Underwater Wallpaper Effects
May 16, 2007 | 0 comments
Tips about how I made the Underwater Wallpaper (see wallpaper).

Start with blank document. Fill background layer with gradient going from light blue to dark blue.

In Layer effects, use very large (250px) black Inner Glow, with blend mode = overlay.

In new layer, select very large brush, set color to white and put a single dot.

Transform layer (Ctrl-T) to make dot width less and height more.

Move white dot to top of image (so that only bottom half of it is visible) and set its layer blend mode to Overlay.

Duplicate this layer and make it about 50% smaller.

Next step is to create nice light rays. Create new document, with square size (width = height), and width is about 200% of your original image width. (if you design wallpaper at 1024×768, create 2000×2000 image). Fill it with any color, and in Layer effects, check Gradient Overlay. Open dropdown list of gradient selection, select Noise family of gradients, and select any noise gradient. Then, set Style to Angle.

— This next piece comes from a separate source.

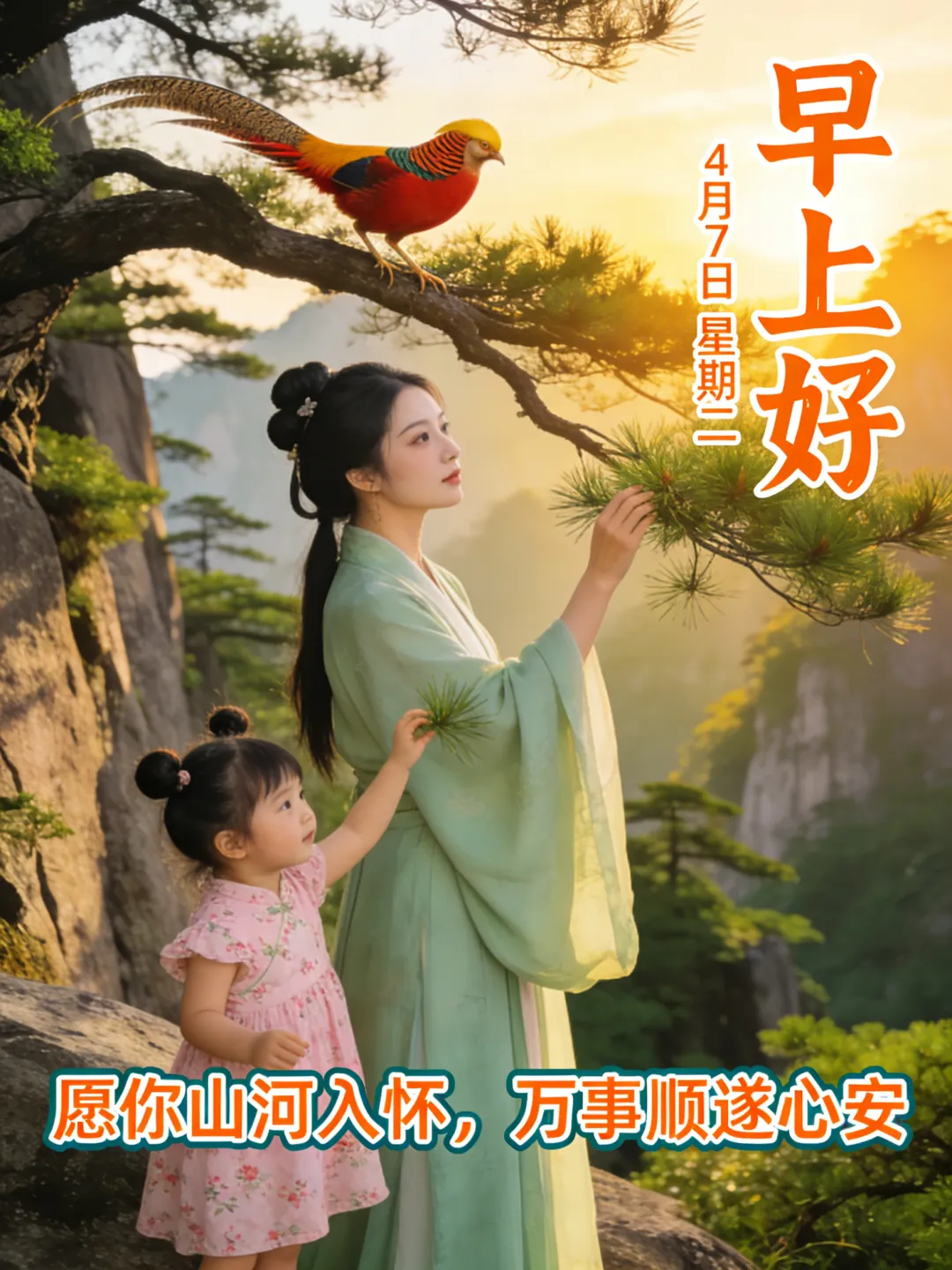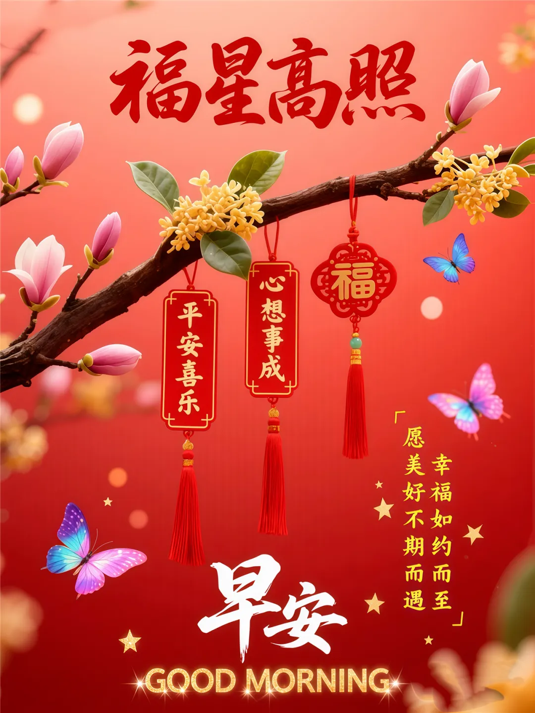 晨光初露映吉祥,福寿安康伴身旁;岁岁平安好运至,日日欢喜体康强;愿得人间皆如意,春风拂面笑脸扬。🌹🙏❤️🌞🌺🎉‍

To convert Layer effect to editable image, flatten image (from Layer menu). Desaturate (Ctrl-Shift-U).

Crop image as shown here. Example: if entire image with gradient is 2000×2000, crop to 1024×768.

Copy all (Ctrl-A, Ctrl-C) and paste into our original image.

Then, simply set the blend mode of this layer to Overlay. Voila!

Next step is some bubbles. Select 19px hard brush, and set its spacing to very large value (500-700%).

Also, check Shape Dynamics, and set size jitter and minimum diameter as shown here.

Make some chaotic btush strokes.

Set layer blend mode to screen (this will make black dots invisible). Then, use layer effects (such as inner glow, drop shadow, bevel and emboss) to make dots look like bubbles. Registered users can download PSD file from Downloads page of my site, and see what exactly effects are used.

Repeat bubble-making steps 3-4 times.

…and here is the result!
Underwater Wallpaper (see wallpaper).